Owner Sue Kint juggled a steady stream of customers, some eat-in and others picking up take-out orders.

"Yes, we have this every year on Christmas," Kint told KARE. "We've been open Christmas Day for more than 20 years here."

Many of the patrons don't observe the Christmas tradition, but they do have a regular date with Chinese food on December 25th.

"I think this has been a tradition for a lot of people for many, many years," Ronni Tallen of Minneapolis told KARE.

"Even if they had other choices I think they'd be coming for Chinese food."

Tallen spent the holiday working at the Humphrey Terminal at Minneapolis-St. Paul International Airport, helping customers get to their gates.  But she wouldn't miss this culinary tradition.

"As you probably can imagine from looking around here, that we -- as many of the people here -- celebrate Hanukkah," she said.

"And that ended a couple weeks ago, so you might call this our post-Hanukkah celebration!" 

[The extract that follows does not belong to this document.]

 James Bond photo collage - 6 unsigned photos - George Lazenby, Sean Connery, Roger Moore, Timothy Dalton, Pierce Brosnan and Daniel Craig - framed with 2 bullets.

The Red Pepper, and its competitors, discovered long ago that there will always be a demand for Szechuan, Peking and Hunan cuisine on Christmas day.

"I've been coming here since I was a kid, and now I'm 44," Brad Kaplan told KARE.

"When you're Jewish you come out on Christmas Eve and Christmas Day and eat Chinese food!"

His daughter Olivia chimed in, "Yes every year. But Chinese is good."

Of course, you don't have to be Jewish to want to leave the cooking to someone else on Christmas.

"We started this tradition last year, and the kids said we want Chinese this year," take-out customer Beth Gibbs explained.

"We did the family thing during the day and here we are tonight! We're taking it home, eating by the Christmas tree."

For some landing at the Red Pepper on Christmas night was just a twist of fate.

"We wanted to see the 'Les Miserables' at Lakeville but it was too packed, so we just went home and we decided we wanted something for dinner," Anya Kasterton, a high school student, explained.

"So we came here."

(Copyright 2012 KARE. All rights reserved. This material may not be published, broadcast, rewritten or redistributed.)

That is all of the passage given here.